Ankara'da salgın başından bu yana 3 bin sağlık emekçisinin enfekte olduğunu, son bir haftada buna 100 sağlık emekçisinin eklendiğini vurgulayan Yalçınkaya, sözlerini şöyle sürdürdü:

Sağlık emekçileri için sağlıklı kalma şansa kalmamış durumda. Bunun en büyük nedeni yaygın test yapılmaması.

Artan vakalar da dikkate alınarak kronik rahatsızlığı bulunan tüm sağlık emekçilerinin idari izinli sayılması gerekiyor.

Bakanlık vaka ve ölüm oranları açıklarken gösterdiği eforu bir an önce sağlık emekçilerini ve halkı korumak için harcamaya başlamalı..
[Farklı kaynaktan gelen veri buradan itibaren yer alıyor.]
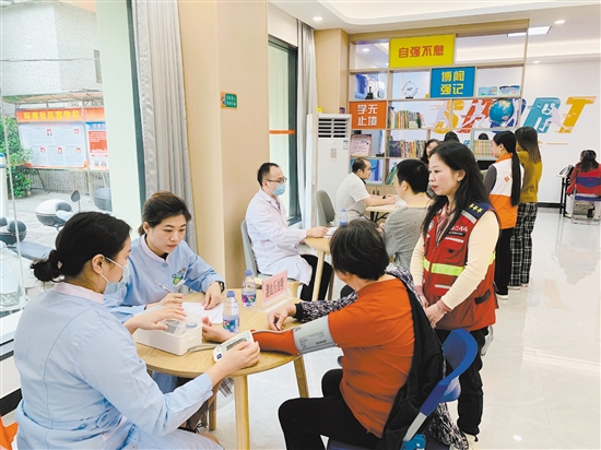 依托社区“大党委”成员单位、卫生医疗系统单位等力量,环南社区党委结合二十四节气,推出系列银龄健康关爱服务活动,至今已开展三伏天送药贴、正骨养生讲座、老年人慢性呼吸宣讲等11场送健康活动。同时,结合银龄群体的年龄、行动便利、基础病类别等具体情况,联合医护人员上门送基础性体检服务近10次。

Günde 30 sağlık emekçisinin salgına yakalandığı bir ortamda sağlık emekçilerinin tüm taleplerine kulak tıkanıyor, sus payı diye performans deniyor.  Biz önce yaşam hakkı istiyoruz.

'Hastanelerin durumu hem sağlık emekçileri hem de hastalar için riskli'

Hastanelerin durumu hem sağlık çalışanları hem de hastalar için riskli. Sağlık emekçilerinin enfekte olması bakanlık tarafından umursanmıyor bile. Ancak sağlık emekçileri her gün vakalarla yakın temas halinde, ötesinde meslektaşlarıyla iş gereği yakın temas halinde. Sağlık emekçilerine yaygın test talebinin kabul edilmemesi aynı zamanda halkın salgına yakalanmasına da neden oluyor. 
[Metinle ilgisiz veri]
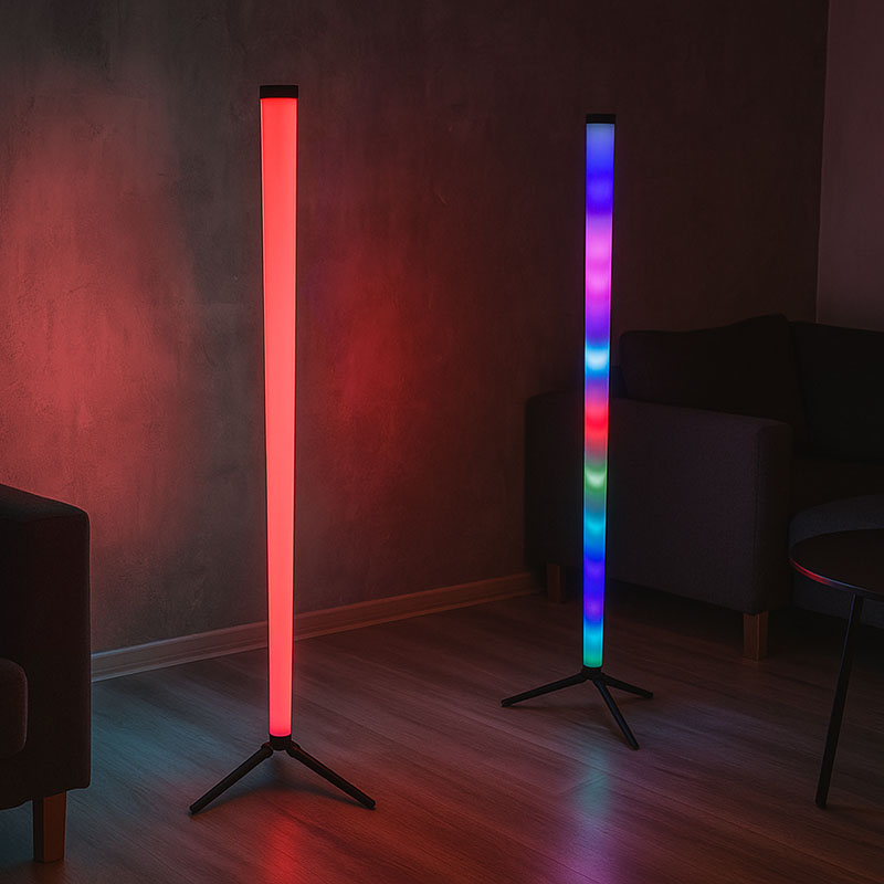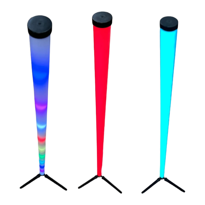Метровые полимерные стойки, отличающиеся минимальным весом и оснащенные штативами, могут служить как эффектными вертикальными светильниками, переливающимися всеми оттенками спектра, так и универсальными элементами оформления. С их помощью легко декорировать сценические кулисы и фон, а также формировать различные буквенные и цифровые знаки. Подключить их можно с помощью USB-разветвителя или пауэрбанка на 4-7 штук.

Toplum sağlığı korunmak isteniyorsa sağlık emekçilerinin sağlığı korunmalı. Bu yapılmadığı için vakalar gün geçtikçe artıyor.

Sağlık emekçileri robot değil, bunun görülmesi gerekiyor.

Sağlık emekçisinin servis, yemek ve kreş taleplerine yanıt vermezseniz salgını önleme şansınız yok.

Biz her şeyden önce toplum doğru yönlendirilsin, bilgilendirilsin istiyoruz. Toplumdan gerçekler gizlenerek salgınla mücadele edilmez, aksine bu mücadeleye zarar verilir. 

Sağlıkçı arkadaşımız evinde eşine sarılıyor, eşi pozitif olunca kendisi temaslı bile sayılmıyor, test yapılmıyor. Salgına yakalandığında 7. Gün işe çağrılıyor, 14 gün karantinası bile uygulanmıyor. Bu sadece sağlıkçıların değil tüm halkın sağlığını riske atıyor, sağlıkçıları vakaların odağı yapıyor.

Sağlıkçılar robotlaştırılıyor, üstelik ölüyoruz... Biz insan değil miyiz? Toplumdaki herkes için ne kadar tehlike varsa, sağlıkçılar için de o kadar tehlike var. Üstelik bu tehlike halkın da sağlığını riske atıyor.